Design alternates: Design alternates can be considered early in the IP development cycle before starting RTL implementation
SoC die size budgeting: SoC physical design can start in parallel if other IP components are ready, though a particular IP is in microarchitecture phase, by allocating appropriate die size budget
Power estimates: Early gate count estimates will also enable power estimation, which is another crucial design decision factor for low power designs

Following are major challenges in early gate count estimates:

No RTL Code available: During microarchitecture phase, only paper design and/or C model may be available and no RTL code
Inadequate micro-architecture description: During architecture design phase, paper design description may not be adequate enough to have a detailed view into the design
Many design partitions: Multiple module level designers may be involved in IP development and gate count estimates depends on each engineers “depth of design view” of respective IP partition, as there is no standard methodology

Thus there is a need to derive a methodology for gate count estimation to mitigate effects of some of these challenges and meet the objective. This paper lists prerequisites for gate count estimation in section 2. The proposed Gate count Estimation Methodology [GEM] is presented in section 3. The limitations of this methodology are highlighted in section 4, followed by conclusions in section 5.

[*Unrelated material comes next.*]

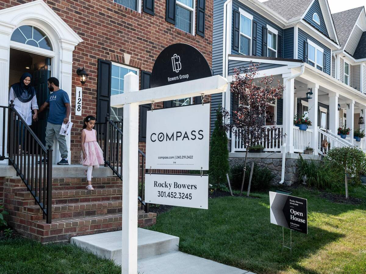 Prospective home buyers leave a property for sale during an Open House in a neighborhood in Clarksburg, Md. on September 3, 2023. The new real estate commission structure could mean buyers have to pay more out-of-pocket fees starting in July.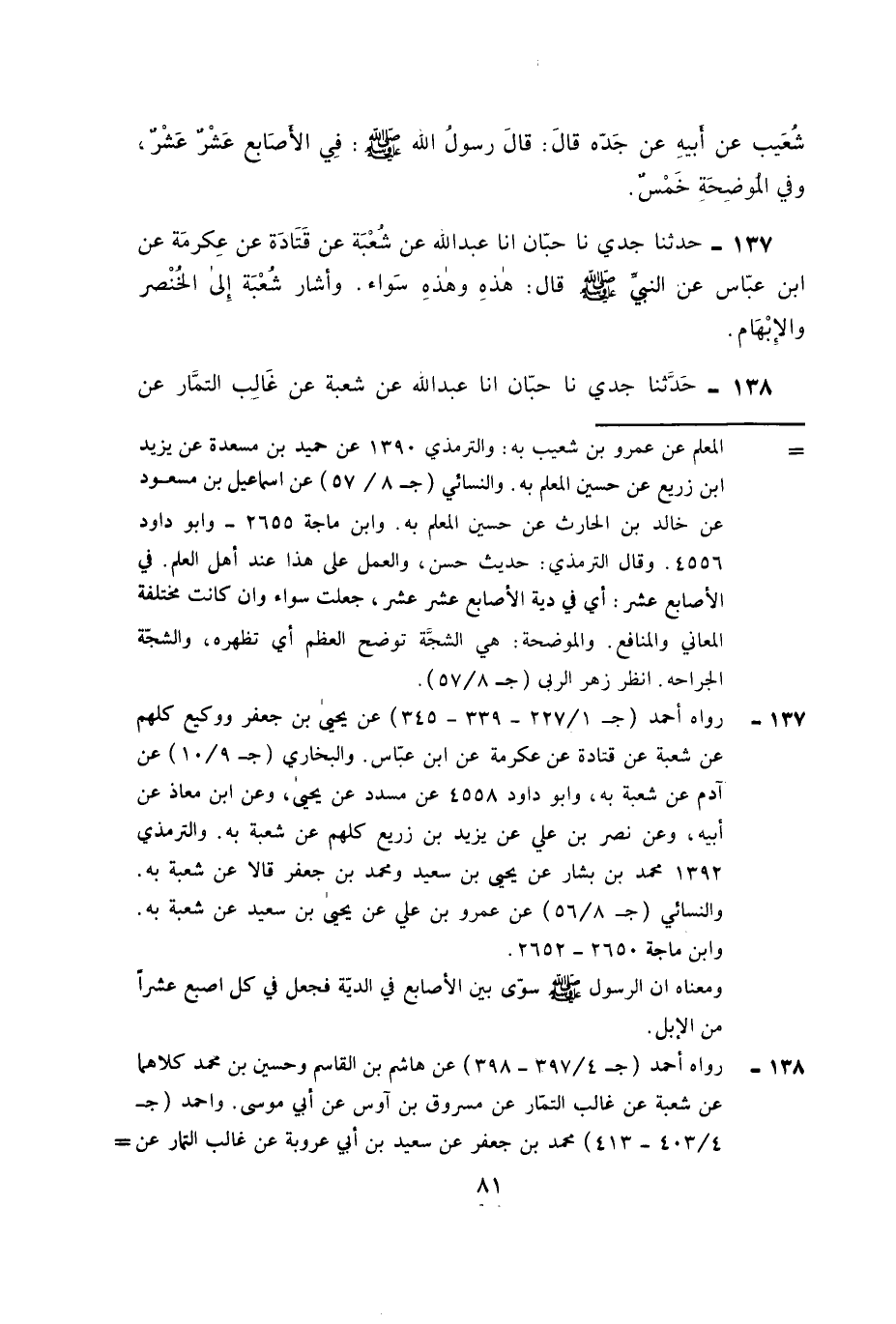 ١٣٨ - حَدَّثَنَا جَدِّي، نَا حِبَّانُ، أَنا عَبْدُ اللَّهِ عَنْ شُعْبَةَ , عَنْ غَالِبٍ التَّمَّارِ , عَنْ ⦗٨٢⦘ مَسْرُوقِ بْنِ أَوْسٍ وَكَانَ آخِذَ الدِّرْهَمَيْنِ عَلَى عَهْدِ عُمَرَ , عَنْ أَبِي مُوسَى الْأَشْعَرِيِّ , عَنِ النَّبِيِّ صَلَّى اللَّهُ عَلَيْهِ وَسَلَّمَ , قَالَ: «الْأَصَابِعُ سَوَاءٌ» , قُلْتُ لِغَالِبٍ التَّمَّارِ: فِي كُلِّ وَاحِدٍ عَشْرٌ؟ قَالَ: نَعَمْ

2. Prerequisites for Gate count estimation methodology

Following are the prerequisites for gate count estimation methodology:

Fairly detailed Micro-architecture description: The documented design should highlight various functions/components needed in the design such as adders, substractors, multiplers, dividers, shift registers, barrel shifters, FIFOs, RAMs, RAs, Multiplexers, De-multiplexers, Comparators, State machines etc. This process will become fairly easier if C model or Pseudo code is also available.
Target library details
Target frequency requirements
Approximate number of logic levels acceptable with target technology to meet the required frequency
Known standard blocks gate count numbers such as FIR/IIR filters etc f) Earlier similar complex projects gate count numbers, which can be used as reference

With these prerequisite conditions and information GEM can be applied.

3. Gate count estimation methodology [GEM]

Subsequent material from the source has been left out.